## EXERCISE PROMPT
The material below includes pictures; leave them out and return only the lines between the line containing "Midi overcoat made" and the line containing "Ao nascer, a", inclusive, word for word.

## RECORDS SUPPLIED
________
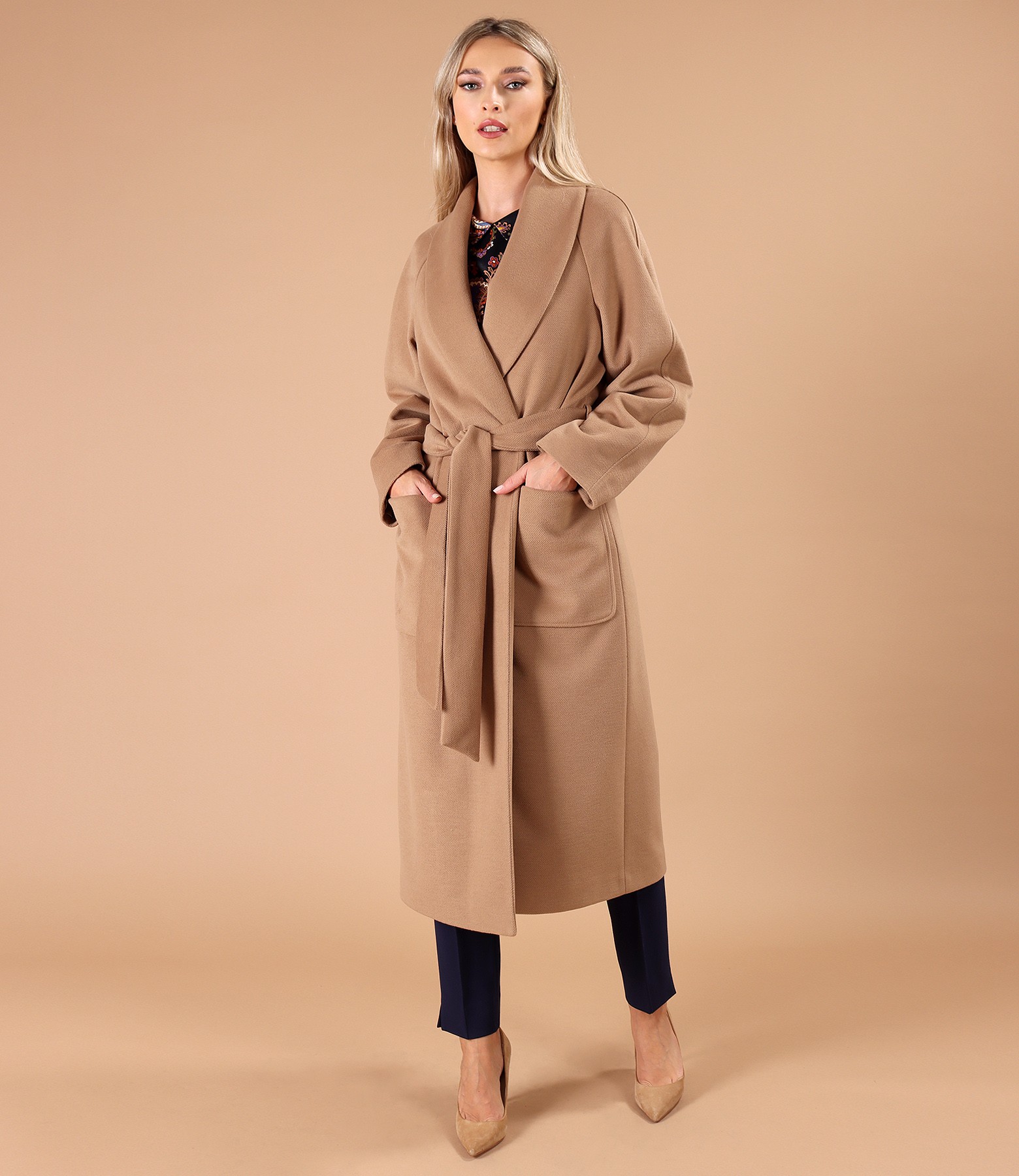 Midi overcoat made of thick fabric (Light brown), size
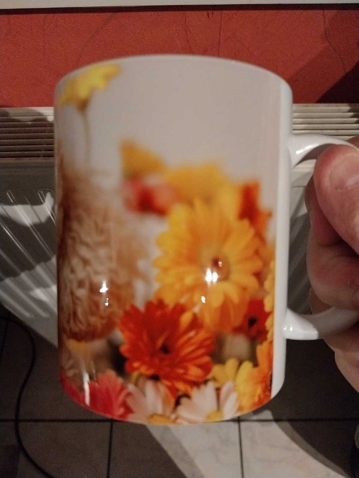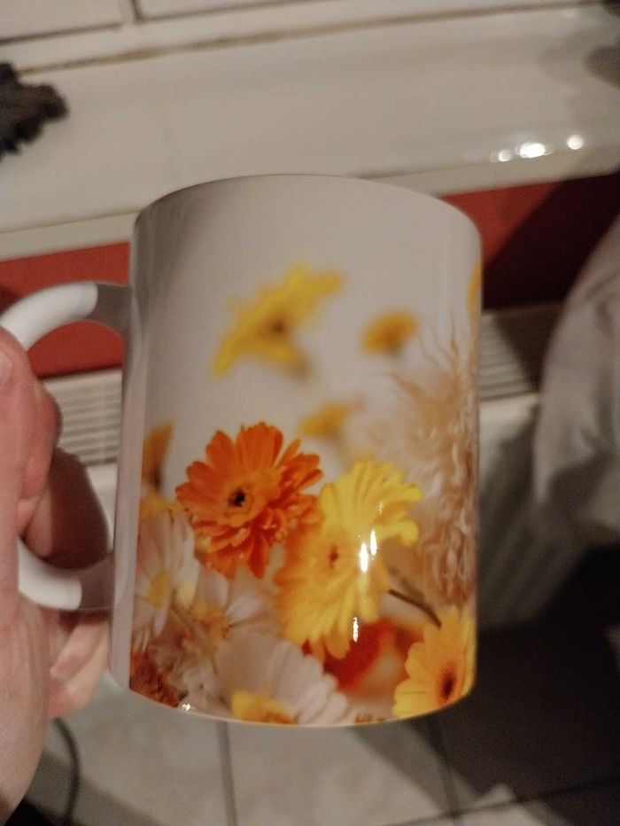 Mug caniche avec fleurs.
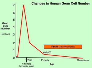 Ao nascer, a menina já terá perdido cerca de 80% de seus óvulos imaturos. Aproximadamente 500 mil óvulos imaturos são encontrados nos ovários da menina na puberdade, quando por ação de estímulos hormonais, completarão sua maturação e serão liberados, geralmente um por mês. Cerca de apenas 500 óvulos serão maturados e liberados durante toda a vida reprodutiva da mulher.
________
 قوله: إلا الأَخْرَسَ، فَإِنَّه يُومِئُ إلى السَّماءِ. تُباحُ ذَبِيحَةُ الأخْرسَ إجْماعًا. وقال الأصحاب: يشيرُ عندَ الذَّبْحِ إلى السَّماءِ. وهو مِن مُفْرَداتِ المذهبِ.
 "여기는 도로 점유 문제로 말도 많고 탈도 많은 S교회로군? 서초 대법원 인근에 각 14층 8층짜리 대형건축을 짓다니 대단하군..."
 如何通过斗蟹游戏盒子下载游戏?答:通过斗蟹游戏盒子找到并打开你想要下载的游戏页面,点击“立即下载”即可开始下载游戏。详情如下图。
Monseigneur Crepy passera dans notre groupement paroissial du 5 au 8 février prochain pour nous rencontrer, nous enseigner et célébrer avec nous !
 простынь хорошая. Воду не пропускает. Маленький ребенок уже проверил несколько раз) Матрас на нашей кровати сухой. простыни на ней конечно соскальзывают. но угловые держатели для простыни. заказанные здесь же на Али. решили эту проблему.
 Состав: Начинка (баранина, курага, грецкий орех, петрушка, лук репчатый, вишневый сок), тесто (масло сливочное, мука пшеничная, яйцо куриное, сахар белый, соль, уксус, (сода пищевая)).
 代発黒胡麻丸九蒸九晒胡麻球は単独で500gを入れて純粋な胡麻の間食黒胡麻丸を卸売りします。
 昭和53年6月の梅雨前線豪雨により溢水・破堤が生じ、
________
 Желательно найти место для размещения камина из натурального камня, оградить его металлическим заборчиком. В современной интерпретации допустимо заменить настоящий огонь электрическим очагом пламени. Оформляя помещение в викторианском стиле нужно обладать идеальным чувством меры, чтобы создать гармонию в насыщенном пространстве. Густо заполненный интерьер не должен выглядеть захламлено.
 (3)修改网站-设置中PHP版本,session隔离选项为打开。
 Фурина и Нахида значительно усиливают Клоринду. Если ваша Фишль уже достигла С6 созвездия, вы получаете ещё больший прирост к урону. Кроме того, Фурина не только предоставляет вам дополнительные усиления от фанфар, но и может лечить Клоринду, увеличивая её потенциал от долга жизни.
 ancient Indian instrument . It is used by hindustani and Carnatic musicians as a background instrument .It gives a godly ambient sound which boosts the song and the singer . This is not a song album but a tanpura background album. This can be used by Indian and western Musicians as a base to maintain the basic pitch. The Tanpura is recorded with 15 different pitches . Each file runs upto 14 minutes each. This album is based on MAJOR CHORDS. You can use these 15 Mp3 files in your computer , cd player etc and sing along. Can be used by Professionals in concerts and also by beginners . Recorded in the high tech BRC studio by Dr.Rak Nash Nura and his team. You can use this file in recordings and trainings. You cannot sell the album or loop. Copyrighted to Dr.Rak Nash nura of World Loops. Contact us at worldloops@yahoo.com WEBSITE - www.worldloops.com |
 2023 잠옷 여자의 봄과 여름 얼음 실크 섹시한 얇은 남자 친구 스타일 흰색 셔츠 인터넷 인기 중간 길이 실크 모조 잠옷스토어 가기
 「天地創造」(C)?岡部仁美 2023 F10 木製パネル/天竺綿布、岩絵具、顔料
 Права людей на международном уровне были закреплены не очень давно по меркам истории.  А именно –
________
## ANSWER
 Midi overcoat made of thick fabric (Light brown), size
 Mug caniche avec fleurs.
 Ao nascer, a menina já terá perdido cerca de 80% de seus óvulos imaturos. Aproximadamente 500 mil óvulos imaturos são encontrados nos ovários da menina na puberdade, quando por ação de estímulos hormonais, completarão sua maturação e serão liberados, geralmente um por mês. Cerca de apenas 500 óvulos serão maturados e liberados durante toda a vida reprodutiva da mulher.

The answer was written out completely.